--- INFORMATION PROVIDED Enclosed Below ---

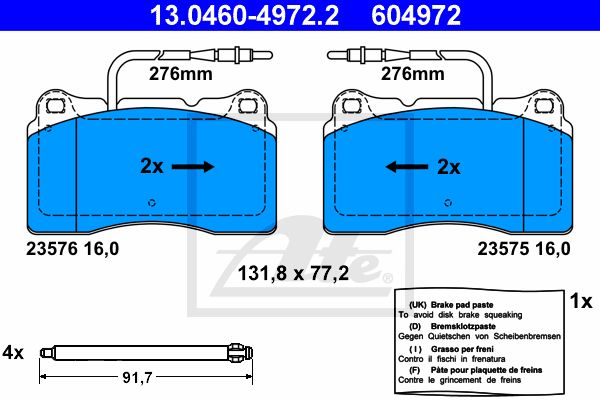 Комплект тормозных колодок, дисковый тормоз. ATE 13046049722
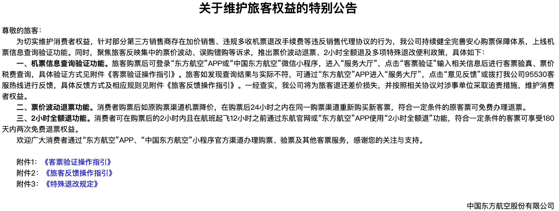 除了与前年相似提醒游客可在航司官方平台进行客票验真、票价税费查询,三大航本年还建议购票后24小时之内发现更低廉的机票可免费退票的新规。
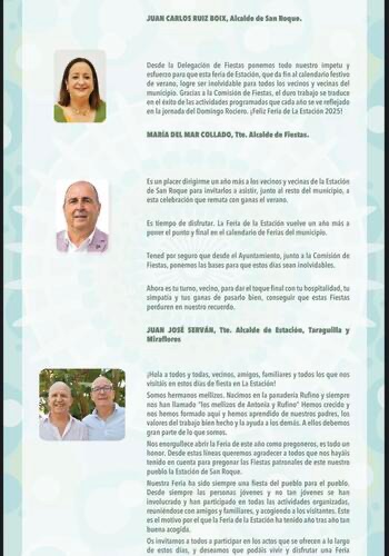 La Cabalgata de Carrozas y Charangas recorrerá en la noche de este jueves las principales calles de la Estación de San Roque para finalizar en el recinto ferial, donde se procederá al encendido del alumbrado especial y a la inauguración de la caseta municipal. En cuanto a la jornada del viernes, a mediodía se celebrará el Día de la Mujer, y a medianoche se disfrutará de la actuación de la jerezana Marina García.

--- End of Enclosed INFORMATION PROVIDED ---

**TASK TO CARRY OUT:** No pictures belong in the copy; quote exactly the lines from the line containing "除了与前年相似提醒游客可在航" through the final line of the material, both ends included.

**EXERCISE RESULT:**
 除了与前年相似提醒游客可在航司官方平台进行客票验真、票价税费查询,三大航本年还建议购票后24小时之内发现更低廉的机票可免费退票的新规。
 La Cabalgata de Carrozas y Charangas recorrerá en la noche de este jueves las principales calles de la Estación de San Roque para finalizar en el recinto ferial, donde se procederá al encendido del alumbrado especial y a la inauguración de la caseta municipal. En cuanto a la jornada del viernes, a mediodía se celebrará el Día de la Mujer, y a medianoche se disfrutará de la actuación de la jerezana Marina García.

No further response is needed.